Ask HN: What websites does your employer block? - WhiteBuffalo
My employer (a large Tech company with about 10k employees) recently blocked every sports related website along with YouTube, Netflix, and every video and music streaming service possible (Spotify, Pandora, Apple music, etc.), citing bandwidth issues as the reason. There was a vague statement claiming they will review this policy in the future. I can understand blocking Netflix, but blocking music streaming services and sports news websites seems ridiculous for a technology company.<p>What websites does your employer block? Should an employer block any websites?
======
Nadya
My company attempted to block YouTube and Twitch for similar reasons (some
employees were streaming e-sports tournaments during work/lunch time; I was
one of them).

It lasted less than a week.
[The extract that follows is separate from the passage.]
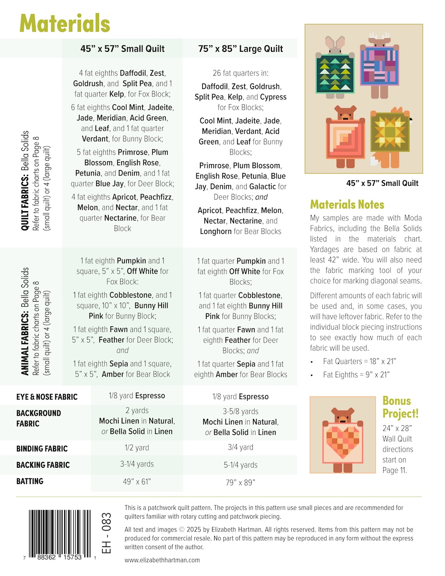 Get ready for the cutest guild meeting ever! Show and Tell features foxes, bunnies, deer, and bears proudly displaying their patchwork quilts. This fat quarter-friendly pattern includes instructions for 12 different mini quilt designs that each animal can “hold,” offering endless mix-and-match possibilities.
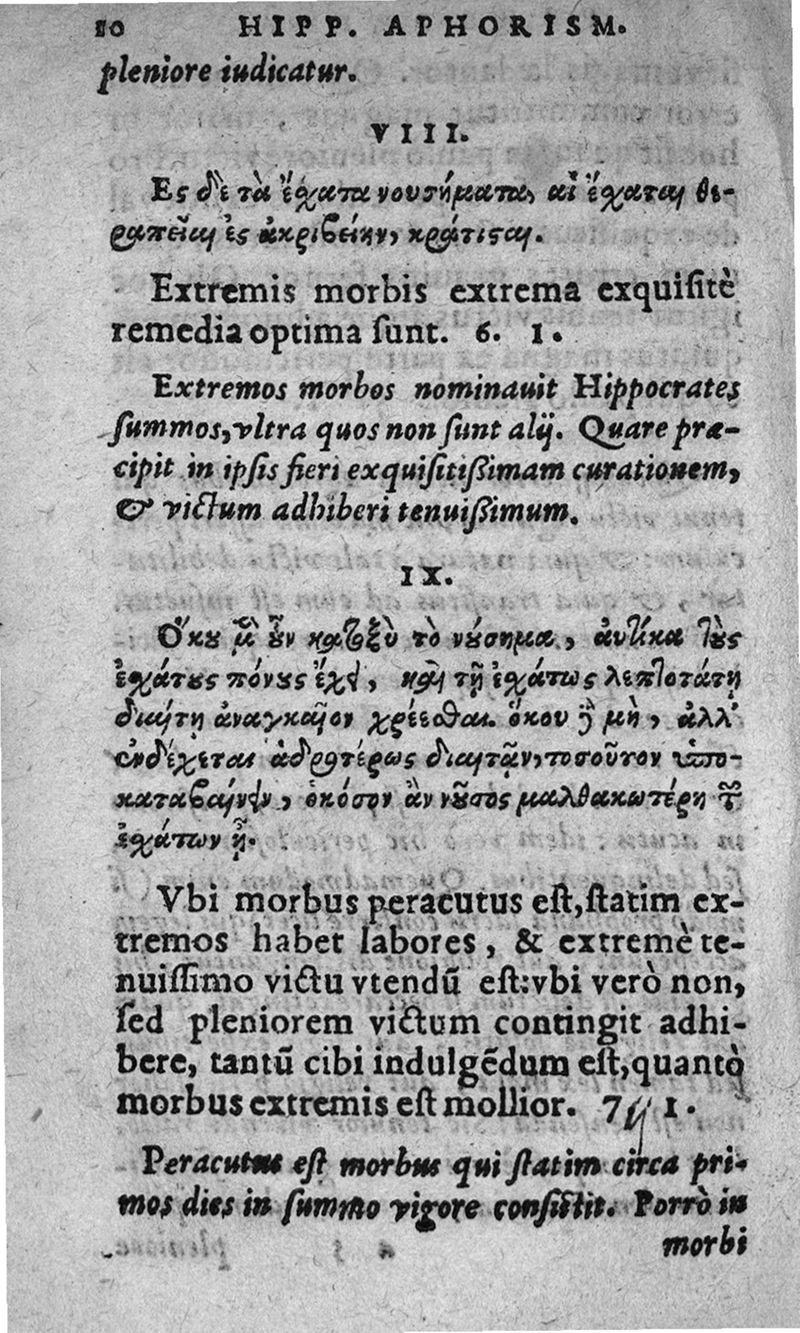 Hippocratis Aphorismi Græce et Latine, ita digesti in ordinem, ut mutuo sese explicare, & ad morborum curationem singuli suo è loco prodire videantur, cum brevi expositione ex Galeni commentariis desumpta. Ejusd. Hippocr. Prænotionum libri tres, cum explicatione eodem ex fonte hausta. Per Joannem Butinum medicum. Insignores aliquot sententiae selectæ ex libris Aurelii Cornelii Celsi

When they realized productivity plummeted to the
deepest, darkest depths of the metaphorical ocean and the company was better
off having happy, productive employees free to do what they want than
miserable employees who hardly get any work done.

There's also a generic filter, mostly used to block porn sites. I've noticed
it blocks anything with "hack" in the URL which is a problem on occasion
("shack" gets blocked an issue when its part of a client's domain name like
"Shackel"). I almost never hit it except on false-positives so it doesn't
really bother me any. I think I can at least agree people shouldn't be
browsing porn at work.

AFAIK the only logs kept are who hit the generic filter, what they were trying
to access, and when. General browsing isn't logged or I'd probably be in more
trouble for browsing HN so much.

------
vanattab
I work for the feds they pretty much block the whole Internet. And on about
90% of the sites they do let through they pop up a message saying "this site
is not trusted" which does nothing but condition users to ignore the warnings
even on sites that they shouldn't.

------
herbst
None. Afaik there is not even a log.

Your case really sounds more than ridiculous.